Platelet-derived growth factor subunit B is a protein that in humans is encoded by the PDGFB gene.

Function 

The protein encoded by this gene is a member of the platelet-derived growth factor family. The four members of this family are mitogenic factors for cells of mesenchymal origin and are characterized by a motif of eight cysteines. This gene product can exist either as a homodimer (PDGF-BB) or as a heterodimer with the platelet-derived growth factor alpha (PDGFA)  polypeptide (PDGF-AB), where the dimers are connected by disulfide bonds.

Clinical significance 

Mutations in this gene are associated with meningioma.

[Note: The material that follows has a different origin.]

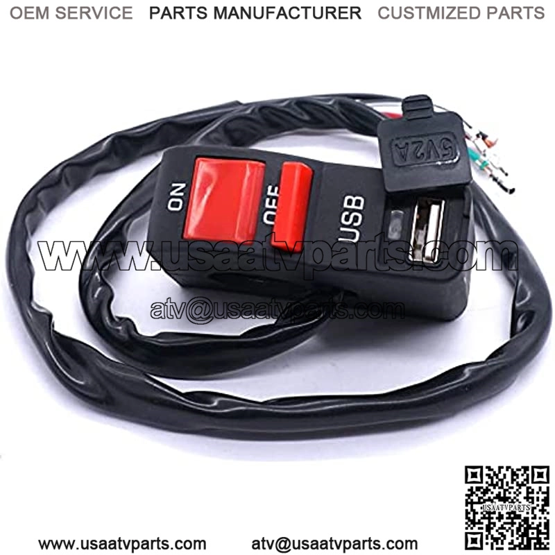 Motorcycle 22MM handlebar ON OFF headlight control switch with USB car charger Output voltage:12V USB port:5V-2A Suitable models:General Motorcycle Modification Switch Product description:A total of 4 wires are red/green/black/white.The black wire is the negative pole of t
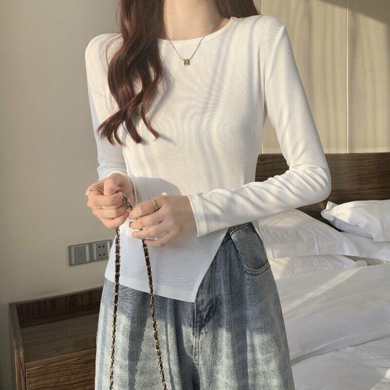 スプリング秋物スリムホワイトTシャツシャツ ゆったりトップス ロング 春物 オータム 長袖 コーデ marchs6772619298647

Reciprocal translocations between chromosomes 22 and 17, at sites where the PDGFB and COL1A1 genes are respectively located or, alternatively, an abnormal small supernumerary ring chromosome merge these two genes to form a COL1A-PDGFB fusion gene. This fusion gene greatly overproduces PDGFB and is considered responsible for causing the development and/or progression of three closely related fibroblastic and myofibroblastic tumors of the skin: giant cell fibroblastoma, dermatofibrosarcoma protuberans, and dermatofibrosarcoma protuberans, sarcomatous. 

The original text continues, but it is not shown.